Carry-on luggage stays with you for your whole journey, from check in, through security, on the plane, and after you land. While you’re flying, carry-on luggage goes in the overhead bin or under the seat in front of you. At no point does carry-on luggage go in the plane’s cargo hold. 

Checked luggage gets dropped off at the check-in desk before you get on your flight. It’s weighed, measured, screened, and put in the plane’s cargo hold. You pick your checked luggage up on a baggage carousel after you land. Checked luggage can’t be accessed during your flight. 

What am I not allowed to pack in a carry-on?

You’re not allowed to pack potentially dangerous items in your carry-on, including anything flammable or explosive, weapons and ammunition, sporting goods, certain types of gels, certain chemicals, or wildlife safety products. Large amounts of alcohol or liquid are also prohibited, generally more than 3.4 ounces.

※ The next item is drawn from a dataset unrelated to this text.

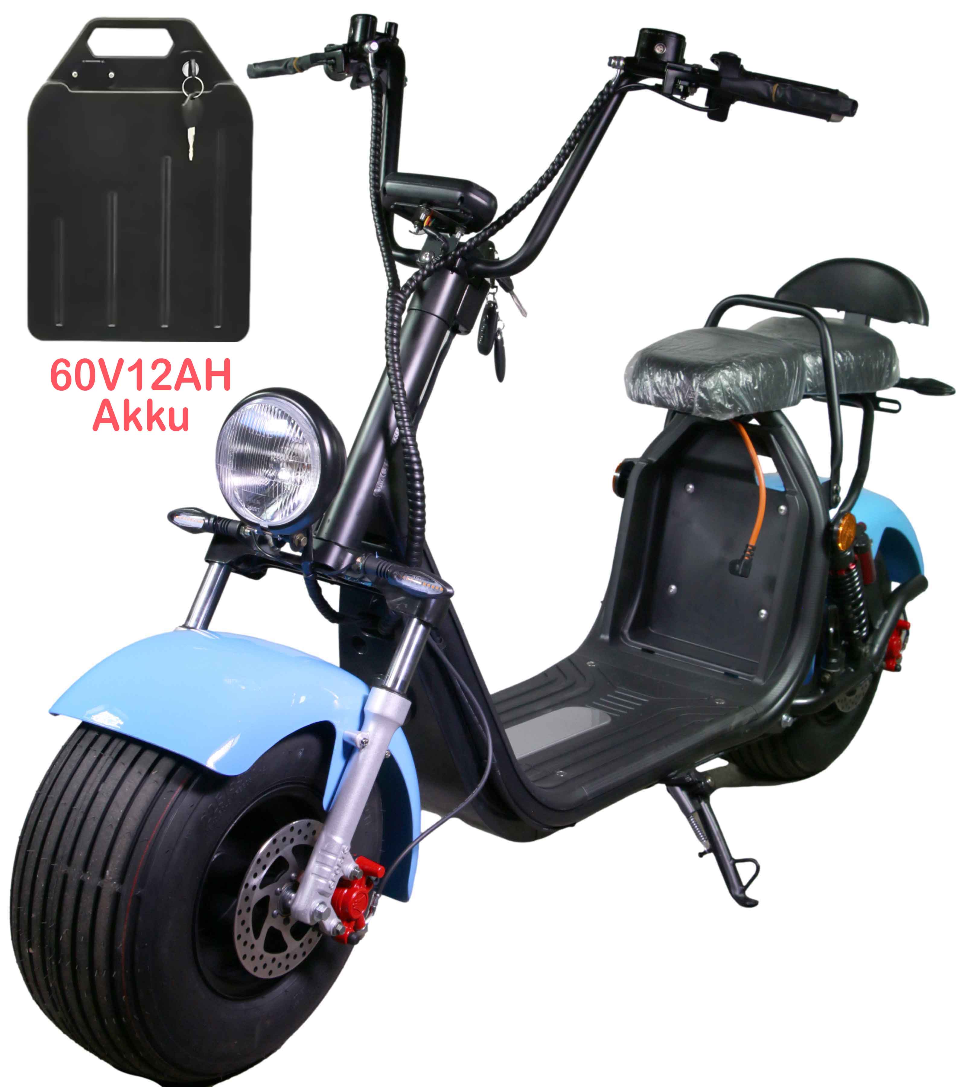 HR-2 RocknBikes Elektroroller Motorroller 45km/h o. 25km/h Harley Scooter CitiCoco Himmelblau Akku wählbar

If you must pack sharp items like nail clippers or small scissors, they need to be less than seven inches.  

What should I pack in my carry-on?

You should always pack essential travel items and items you can’t go without for more than half a day in your carry-on. This includes your passport or ID, medications, basic toiletries, your phone and electronics, snacks, and more. If your checked luggage is lost, delayed, or damaged, you still have things you need to stay comfortable and functional.

What are the size restrictions for carry-on luggage?

Most airlines allow two pieces of carry-on luggage: One that goes in an overhead compartment and a smaller purse, laptop bag, or backpack that gets stowed under the seat in front of you. Carry-on luggage can’t be larger than 22 x 14 x 9 inches, including the handle and wheels, because it must fit your airline’s overhead compartment.